La voce soffusa e lo sguardo spento, perso nel vuoto, celano una impareggiabile delusione, che dai tratti sportivi sembra arrivare a toccare toccare quelle corde che fino ad oggi, al campione Kobe Bryant, non erano mai state nemmeno sfiorate. L'inevitabile ed inesorabile pensiero dell'addio unite all'insoddisfazione delle prime prove disputate, sia dal punto di vista squisitamente tecnico che da quello fisico, si sono tradotte, una volta intervistato al termine della sfida contro i Mavericks di ieri sera, in una struggente intervista. 

Un asciugamano attorno al collo, le braccia quasi conserte, la postura che richiama alla caduta e non il solito petto messo all'infuori per ostentare una sicurezza nei propri mezzi che oramai sembra definitivamente abbandonarlo. Il Bryant visto nel post-gara della sfida che i Lakers hanno perso contro Dallas, che ha sancito la terza sconfitta consecutiva ed il peggiore inizio di sempre della franchigia californiana, è inquietamente atipico, oltremodo remissivo, completamente smarrito dinanzi ad una verità che forse ha tardato fin troppo ad essere riconosciuta. 

E' difficile, quasi impossibile, per un Campione di questo calibro guardare in faccia la realtà delle cose ed ammettere il fisiologico crollo, soprattutto dal punto di vista emotivo, al di là del responso del campo. Il Bryant visto fin qui, quantomeno in pre-stagione, era apparso voglioso e bramoso di tornare in campo per dimostrare ancora una volta di potercela fare, di essere eternamente giovane nel corpo come nella mente, ma le prime gare agonistiche sembrano averlo riportato alla realtà delle cose.

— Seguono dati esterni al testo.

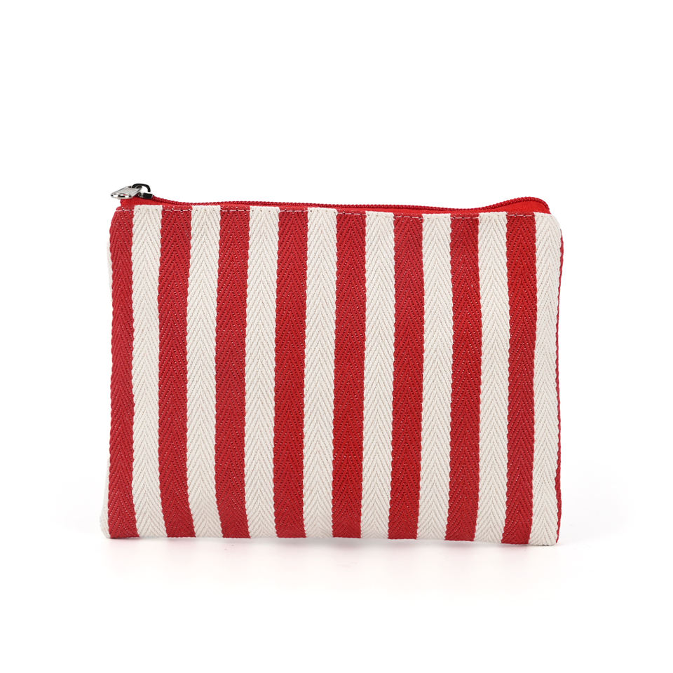 Bolsa de Maquillaje de Lona con Cierre, Personalizada con Logotipo, Colorida, con Rayas Rojas, para Cosméticos, Artículos de Aseo, para Viajes y Uso Diario
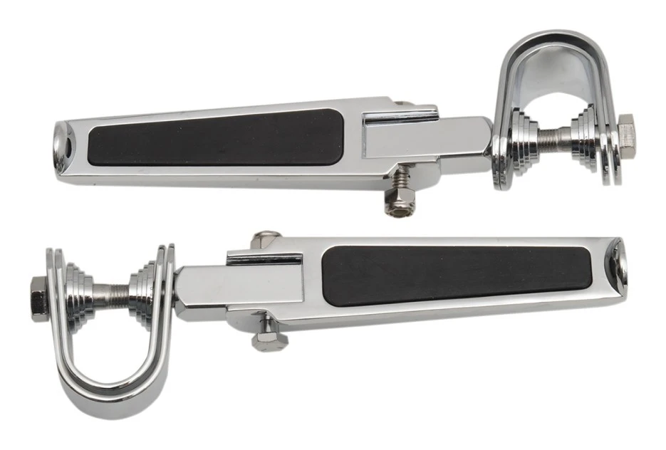 Easily clamp these highway pegs to your 1″ or 1 1/4″ diameter crash bars or frame for a great, additional foot position.
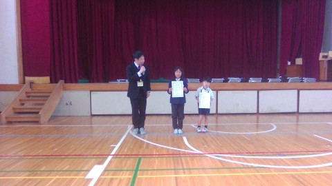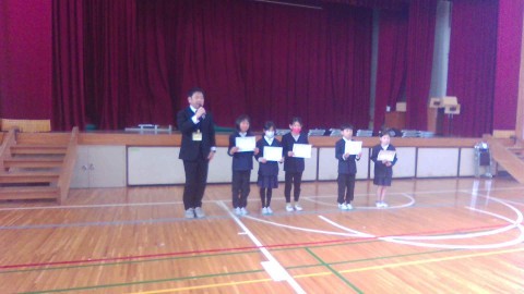 子ども会ドッチボールや読書博士認定証,堺市子ども市展(絵画,書写)の表彰がありました。一人ひとり校長先生より表彰してもらいうれしそうでした。

Certamente i guai tattici e le infinite lacune di questi Los Angeles Lakers non hanno aiutato e contribuito a facilitare il compito del quasi quarantenne Kobe, ma nelle difficoltà di un canestro, nella impossibilità di paragonarsi ad alteti di ben altra generazione, soprattutto considerando il suo background fisico, si vede il progressivo ed incessante crollo di un mito. 

"I’m the 200th best player in the league right now. I freaking suck". 

Non servono ulteriori parole per spiegare lo stato d'animo incredibilmente ferito del ventiquattro. Tuttavia, anche nel riconoscere la sconfitta, la personalità del leader esce alla distanza, cercando di regalare un barlume di speranza ai giovani ragazzi che gli stanno attorno. Bryant assume i tratti di un Mourinho d'annata accollandosi tutte le responsabilità e le colpe dello sfacelo gialloviola.